"L'agricoltura biologica è un settore vivace, che cresce sia sul sul mercato interno che internzionale. Le aziende bio associate a Confagricoltura sono il 15% del totale e coltivano più di un quarto degli ettari dedicati a biologico in Italia, ovvero 480 mila ha. La superficie media aziendale è di circa 50 ha a fronte di una media nazionale di 33 ha. Rappresentiamo un’agricoltura biologica imprenditoriale, dinamica, vocata all’export ed all’innovazione. Sono cresciute considerevolmente anche le realtà che trasformano i prodotti coltivati". Sono queste le parole del presidente della Federazione nazionale dell’agricoltura biologica di Confagricoltura Paolo Parisini in occasione del convegno promosso dalla sua Organizzazione sul biologico ieri, 15 gugno 2016, a Roma.
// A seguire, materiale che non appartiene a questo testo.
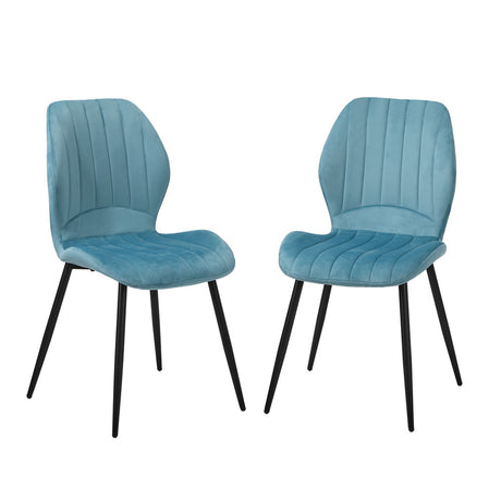 Oikiture Set of 2 Dining Chairs Padded Seat Armless Velvet Blue

La decisione di Bruxelles di far ricevere ipso facto alle aziende biologiche destinatarie dei pagamenti diretti la componente ambientale obbligatoria, il cosiddetto ‘greening’, che ammonta al 30% del massimale dimostra che l'Ue crede in questo metodo.
 
Il presidente di Confagricoltura Mario Guidi ha aggiunto: “Le aziende bio italiane vanno sostenute dai nuovi programmi di sviluppo rurale regionali; molte altre imprese si aggiungeranno. Le Regioni però devono crederci”. Dall’analisi dei 21 Psr la situazione cambia notevolmente a seconda dei territori; vi sono, infatti, Regioni in cui la misura per il bio incide per circa il 20% dei budget dei Psr (come Calabria e Sicilia) e altre in cui questa incidenza è estremamente limitata, come nel caso di Veneto, Campania, Lombardia e Piemonte che investono nel biologico risorse limitate: tra l’1,2 ed il 2,5% del budget complessivo dei Psr.
 
Guidi si è poi soffermato sul tema dei controlli spiegando che “il biologico è un settore sano, anche se periodicamente si sono riscontrati comportamenti scorretti legati soprattutto alla fase di importazione di prodotti dall’estero.
Il sistema d’importazione prevede solo l’equivalenza con i sistemi di controllo dei Paesi extra Ue, e non la conformità; in tal modo si permette ai produttori stranieri di utilizzare metodiche di produzione che in Europa non sono ammesse. Con la conseguenza di danni competitivi per le aziende bio europee ed italiane e rischi per la sicurezza alimentare
”.
 
E' quindi necessario secondo il numero uno di Confagricoltura “modificare la normativa europea sull’accesso al mercato della Comunità e migliorare il sistema di controlli non solo sui prodotti importati ma anche su quelli coltivati e trasformati nel nostro Paese; spesso sono più finalizzati alla verifica dei finanziamenti relativi allo sviluppo rurale che alla verifica in campo della conduzione biologica”.

Tra le azioni che le regioni devono sviluppare c’è senz’altro – ha aggiunto Guidi - quella dell’aggregazione dell’offerta dei produttori, per consolidarla e favorire le iniziative di internazionalizzazione ma anche per quelle sul mercato interno”. Oltre il 74% delle aziende biologiche è presente sui mercati internazionali da oltre 5 anni. I principali mercati sono la Germania (24%), la Francia (20%) e i Paesi del Nord Europa in generale. Il primo mercato extra Ue è quello degli Usa (4%). La frutta e la verdura fresca rappresentano i primi prodotti di esportazione (20%), seguiti a sorpresa dai prodotti sostitutivi del latte (bevande vegetali e soia) con il 16%.
 
Nel settore del biologico un ruolo fondamentale è giocato dalla ricerca, come dimostra anche l'importanza che riveste nel piano strategico nazionale per l’agricoltura biologica recentemente approvato, soprattutto per contrastare i cambiamenti climatici, utilizzare le specie autoctone e proteggere la biodiversità. “Il piano nazionale prevede anche un’importante azione per la semplificazione burocraticaha concluso Guidi -. Un’azione a costo zero, che potrebbe portare benefici economici molto importanti alle aziende”.